Not really sure we can change global TextIterator behavior that much (Darin? Ryosuke? smfr is not on board anymore)
Comment 8 Tim Horton 2019-06-14 13:29:51 PDT
The other option is to add a TextIteratorOption that find uses, but it seems weiiiird for plainText() and find to include different text.
Comment 9 Darin Adler 2019-06-14 15:27:46 PDT
(In reply to Tim Horton from comment #7)
> Hilariously, the overlay test failures are legit, because that test puts its
> log content in a "position: absolute; height: 1px; width: 1px; overflow:
> hidden;" div (for some reason), and now TextIterator decides not to dump
> that text when dumpAsText-ing the layout test.
> 
> Not really sure we can change global TextIterator behavior that much (Darin?
> Ryosuke? smfr is not on board anymore)

I think this kind of change is OK. I can’t think of any concrete use of TextIterator where iterating this invisible text is a plus. We should change those tests to not depend on this.
Comment 10 Darin Adler 2019-06-14 15:31:47 PDT
(In reply to Tim Horton from comment #8)
> The other option is to add a TextIteratorOption that find uses, but it seems
> weiiiird for plainText() and find to include different text.

We need to go through the different TextIterator use types. There are probably still fewer than 10. I doubt we can find any where it’s a benefit to include this kind of invisible text.

The use of TextIterator in dumpAsText is probably the least "legit" use of it. It's basically designed for use in Copy and Find, and then we found many uses for that in text editing as well.

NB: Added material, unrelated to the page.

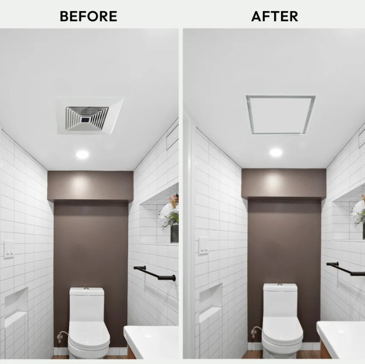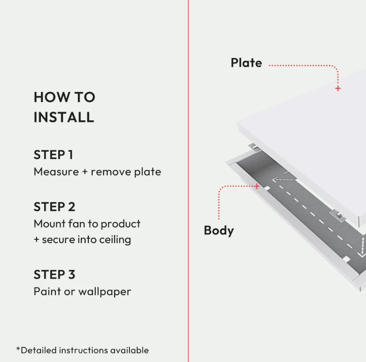 We’ve reimagined old-fashioned grille exhaust mounts. An innovative, ultra-minimalist design seamlessly blends right into the wall or ceiling — a customizable powder-coated steel center plate hides the mount in plain sight. Super-easy, DIY-install in 15 minutes. Retrofit anytime. Drywall-compatible.

If there’s someone arguing that such invisible text *should* continue to be made visible when you copy and paste, I suggest that’s what we should discuss, not the abstract "what should a text iterator do".
Comment 11 Ryosuke Niwa 2019-06-14 16:15:01 PDT
TextIterator is also used to implement innerText for now, and that API's behavior shouldn't change.
Comment 12 Tim Horton 2019-06-14 16:20:53 PDT
(In reply to Ryosuke Niwa from comment #11)
> TextIterator is also used to implement innerText for now, and that API's
> behavior shouldn't change.

Hmm, I assumed that set TextIteratorIgnoresStyleVisibility but it does not.
Comment 13 Antti Koivisto 2019-06-14 23:08:21 PDT
Time for another flag!
Comment 14 Darin Adler 2019-06-15 13:02:32 PDT
Seems risky that innerText is possibly important for website compatibility but it’s not precisely specified.
Comment 15 Darin Adler 2019-06-15 18:18:12 PDT
OK, so if innerText does not set TextIteratorIgnoresStyleVisibility:

1) I think it should.
2) I think then that changing to treat 1x1 text as invisible is a good idea anyway.
3) But why would any of these need to be web-visible.

I do not want to hold off on fixing this bug forever just because of innerText!